- [TASK]: Every line below is to be set down again exactly; any image stays out.

- [DATA BELOW]:

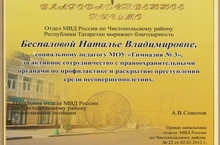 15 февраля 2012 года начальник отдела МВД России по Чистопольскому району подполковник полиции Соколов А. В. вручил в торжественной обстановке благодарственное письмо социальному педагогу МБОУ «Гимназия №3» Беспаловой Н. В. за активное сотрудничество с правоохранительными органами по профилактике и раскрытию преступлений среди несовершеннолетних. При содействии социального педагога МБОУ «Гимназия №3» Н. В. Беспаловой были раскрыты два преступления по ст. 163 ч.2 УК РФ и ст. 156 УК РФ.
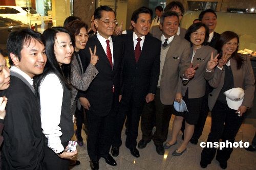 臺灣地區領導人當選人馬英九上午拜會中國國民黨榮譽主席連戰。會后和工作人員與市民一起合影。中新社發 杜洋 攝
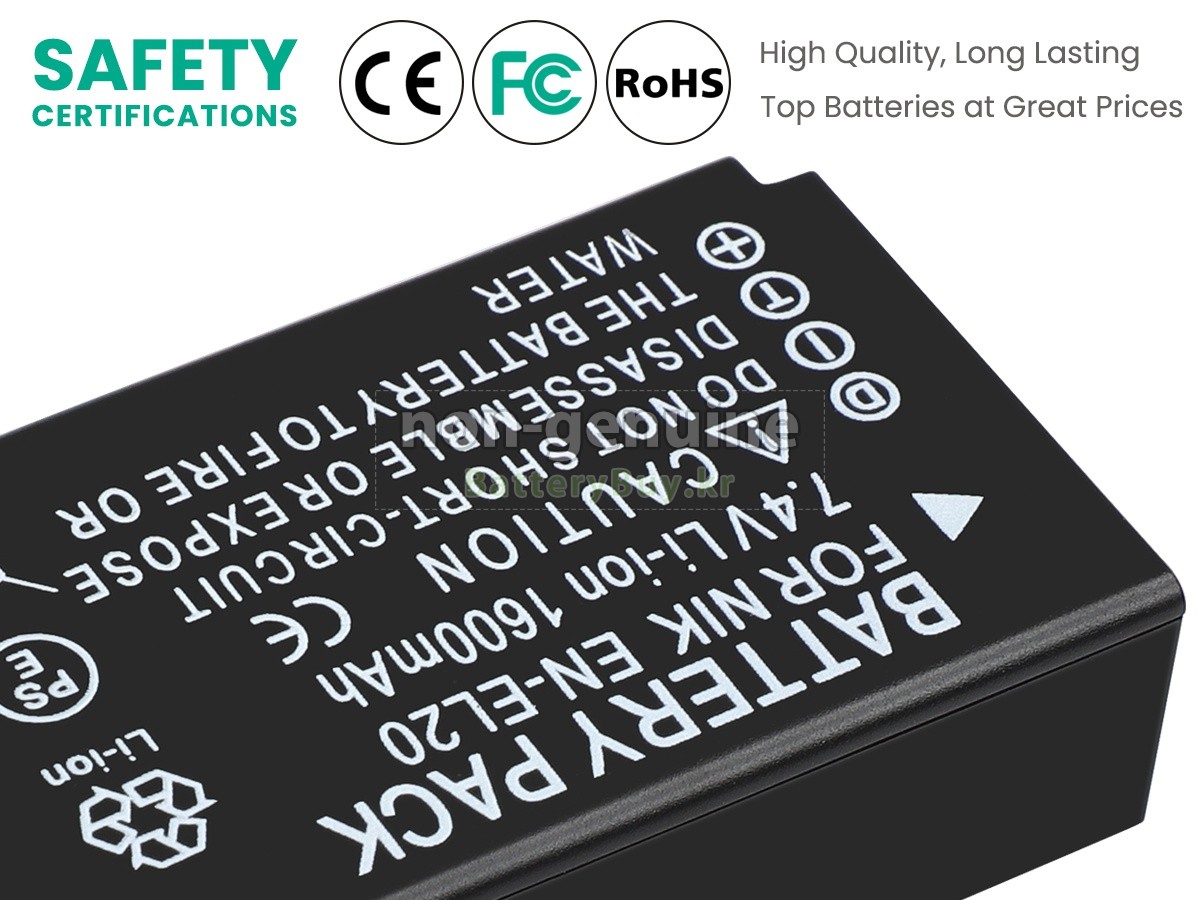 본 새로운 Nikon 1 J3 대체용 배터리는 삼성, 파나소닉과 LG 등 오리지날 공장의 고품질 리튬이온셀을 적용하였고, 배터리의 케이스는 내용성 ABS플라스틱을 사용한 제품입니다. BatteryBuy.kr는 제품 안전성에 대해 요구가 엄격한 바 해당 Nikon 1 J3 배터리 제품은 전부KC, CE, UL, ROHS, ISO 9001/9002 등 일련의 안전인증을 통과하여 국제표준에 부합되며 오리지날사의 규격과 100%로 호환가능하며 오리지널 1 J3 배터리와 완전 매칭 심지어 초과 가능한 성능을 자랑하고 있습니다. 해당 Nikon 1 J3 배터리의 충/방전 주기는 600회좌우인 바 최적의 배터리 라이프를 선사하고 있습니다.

- [OUTPUT OF THE EXERCISE]:
 15 февраля 2012 года начальник отдела МВД России по Чистопольскому району подполковник полиции Соколов А. В. вручил в торжественной обстановке благодарственное письмо социальному педагогу МБОУ «Гимназия №3» Беспаловой Н. В. за активное сотрудничество с правоохранительными органами по профилактике и раскрытию преступлений среди несовершеннолетних. При содействии социального педагога МБОУ «Гимназия №3» Н. В. Беспаловой были раскрыты два преступления по ст. 163 ч.2 УК РФ и ст. 156 УК РФ.
 臺灣地區領導人當選人馬英九上午拜會中國國民黨榮譽主席連戰。會后和工作人員與市民一起合影。中新社發 杜洋 攝
 본 새로운 Nikon 1 J3 대체용 배터리는 삼성, 파나소닉과 LG 등 오리지날 공장의 고품질 리튬이온셀을 적용하였고, 배터리의 케이스는 내용성 ABS플라스틱을 사용한 제품입니다. BatteryBuy.kr는 제품 안전성에 대해 요구가 엄격한 바 해당 Nikon 1 J3 배터리 제품은 전부KC, CE, UL, ROHS, ISO 9001/9002 등 일련의 안전인증을 통과하여 국제표준에 부합되며 오리지날사의 규격과 100%로 호환가능하며 오리지널 1 J3 배터리와 완전 매칭 심지어 초과 가능한 성능을 자랑하고 있습니다. 해당 Nikon 1 J3 배터리의 충/방전 주기는 600회좌우인 바 최적의 배터리 라이프를 선사하고 있습니다.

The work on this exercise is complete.